Jennifer Shelton KSU
Multi-k-mer de novo transcriptome assembly and assembly of assemblies using 454 and illumina data.
http://bioinformaticsk-state.blogspot.com/
http://bioinformatics.k-state.edu/index.html
Eluru Call Girls Service ☎ ️93326-06886 ❤️🔥 Enjoy 24/7 Escort Service
Multi-k-mer de novo transcriptome assembly and assembly of assemblies using 454 and illumina data.
1. 1/12/13
K-INBRE Bioinformatics Core Training
and Education Resource
1
Leveraging multiple sequencing technologies,
assembly algorithms, and assembly parameters
to create a de novo transcript libraries for four
non-models.
Jennifer Shelton
Bioinformatics Core Outreach Coordinator
Kansas State University
2. Outline
1/12/13
K-INBRE Bioinformatics Core Training
and Education Resource
2
I. Goals
II. Metrics
III. Background (multi-k assembly)
IV. Workflow
V. Results
VI. Conclusions
3. Goals
1/12/13
K-INBRE Bioinformatics Core Training
and Education Resource
3
Create a high quality reference transcriptomes
of non-model plants in order to:
- annotate lipid synthesis pathways
- compare expression profiles
4. Outline
1/12/13
K-INBRE Bioinformatics Core Training
and Education Resource
4
I. Goals
II. Metrics
III. Background (multi-k assembly)
IV. Workflow
V. Results
VI. Conclusions
5. Quality metrics
1/12/13
K-INBRE Bioinformatics Core Training
and Education Resource
5
1) Cumulative lengths of contigs
2) Number of contigs
3) N25, N50, N75: Order contigs
smallest to largest report shortest
contig representing 25, 50 or 75% of
the cumulative contig length
4) Ortholog Hit Ratio: length of the
putative coding region (High Scoring
Pairs (HSP)) by the length of the
protein
6. ‘Ideal’ quality metrics
1/12/13
K-INBRE Bioinformatics Core Training
and Education Resource
6
1) Cumulative lengths of contigs:
small
2) Number of contigs: 20-60 k
3) N25, N50, N75: Order contigs
smallest to largest report shortest
contig representing 25, 50 or 75% of
the cumulative contig length: large
4) Ortholog Hit Ratio: length of the
putative coding region (High Scoring
Pairs (HSP)) by the length of the
protein:1 ‘full length’
7. Recently reported N50
5/22/13
K-INBRE Bioinformatics Core Training
and Education Resource
7
Schliesky, Simon, et al. "RNA-seq assembly–are we there yet?." Frontiers in plant
science 3 (2012).
Reference" Year of publication" N50"
Bräutigam et al." 2011" 596 and 521"
Lu et al." 2012" 884"
Meyer et al. " 2012" 1308"
Garg et al. " 2011" 1671"
Mutasa-Göttgens" 2012"
1185 (1573 for loci
above 0.5kb)"
Xia et al." 2011" 485"
Chibalina and Filatov" 2011" 1321"
Wong" 2011" 948 and 938"
Shi et al. " 2011" 506"
Hyun et al. " 2012" 450"
Hao et al." 2012" 408"
Huang et al. " 2012" 887"
Zhang et al. " 2012" 823 (616-664)"
8. Ortholog hit ratio in recent literature
1/12/13
K-INBRE Bioinformatics Core Training
and Education Resource
8
62% ≥0.5 and 35% ≥0.8 for Daphnia pulex
64% ≥0.5 and 35% ≥0.9 for salt marsh beetle
64% ≥0.5 and 40% ≥0.8 for Gryllus bimaculatus
58% ≥0.5 and 41% ≥0.8 for Oncopeltus fasciatus
Zeng V, et al.
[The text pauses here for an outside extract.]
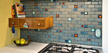 The Coco Nova Spot features a three-ring cosmic design that includes a light blue spot surrounded by a dark blue ring, all set against a mottled background of coppers and blues. Experimenting with three colors to create multiple auroras, this unique piece offers a distinct appearance each time. When the two colors come into contact, they produce a feathered halo effect.

BMC Genomics. (2011) 12:581, Van Belleghem, Steven M., et al. PloS one 7.8
(2012): e42605, Zeng., et al. PLoS ONE (2013).
9. Outline
1/12/13
K-INBRE Bioinformatics Core Training
and Education Resource
9
I. Goals
II. Metrics
III. Background (multi-k assembly)
IV. Workflow
V. Results
VI. Conclusions
10. k-mers
1/12/13
K-INBRE Bioinformatics Core Training
and Education Resource
10
http://homolog.us/Tutorials/index.php?p=3.4&s=1
A k-mer is a substring within the larger string (the read)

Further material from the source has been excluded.